Cadres who are in the country lead the CPP, the main rebel organization whose military arm is the New People’s Army (NPA). In fact, the CPP months ago held a congress, only the second time since the first one was held when the party was founded in 1968. That says many things about how the organization is now being run. The congress elects members of the party’s Central Committee.
A CPP statement said that the committee now is composed of veterans and a good number of younger cadres. Call it a replenishment of the communist leadership, which has been hit by arrests and deaths through the decades. The Central Committee has the smaller Political Bureau that runs the day-to-day affair of the party. Government is surely working double time to establish the identities of the new party leaders.

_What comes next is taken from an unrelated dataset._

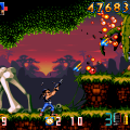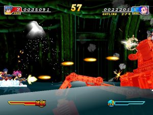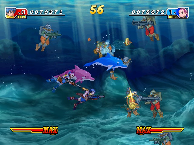 Dolphin Blue‘s five stages are divided over three different styles of gameplay – on land, over the water, and underwater. The land sections are the most reminiscent of games such as Metal Slug. The above water sections are auto-scrolling as players ride their dolphin above the waves, and are similar to the vehicle stages in Contra. And the underwater sections are much slower and similar to horizontal shoot-em-ups. Enemies range from standard ground troops to armored tanks and even battleships and dropships. There are extra weapons too, with limited ammo, including Gatling guns, heavy Gatling guns, two different types of missiles, and a gun called the “melt gun” that shoots flares like a machine gun. Like Metal Slug, you can also stab enemies if they get close enough.

Which shows why defeating the communist rebellion is not as easy as the President and his advisers may think. Government is dealing with an underground organization that is also spread across the country, unlike the Maute group or even the Abu Sayyaf and the various Islamic State-aligned militants that are operating only in some areas in Mindanao.
It would be interesting to find out what the Duterte administration would do differently from the past regimes that failed to suppress the rebellion, from the dictatorship of Ferdinand Marcos to the governments of Corazon Aquino, Fidel Ramos, Joseph Estrada, Gloria Macapagal-Arroyo and Benigno Aquino III. Perhaps the Duterte administration can raise the level of the violence targeted at the rebels but even that has already been done by the Marcos regime.
That is why I am for the continuation of the peace talks and for both the government and the NDFP to reach a negotiated political settlement. On this, I think the NDFP also needs to review its position of refusing to agree to a temporary cessation of hostilities if the talks resume. I agree that it is awkward to talk peace while skirmishes continue in the field.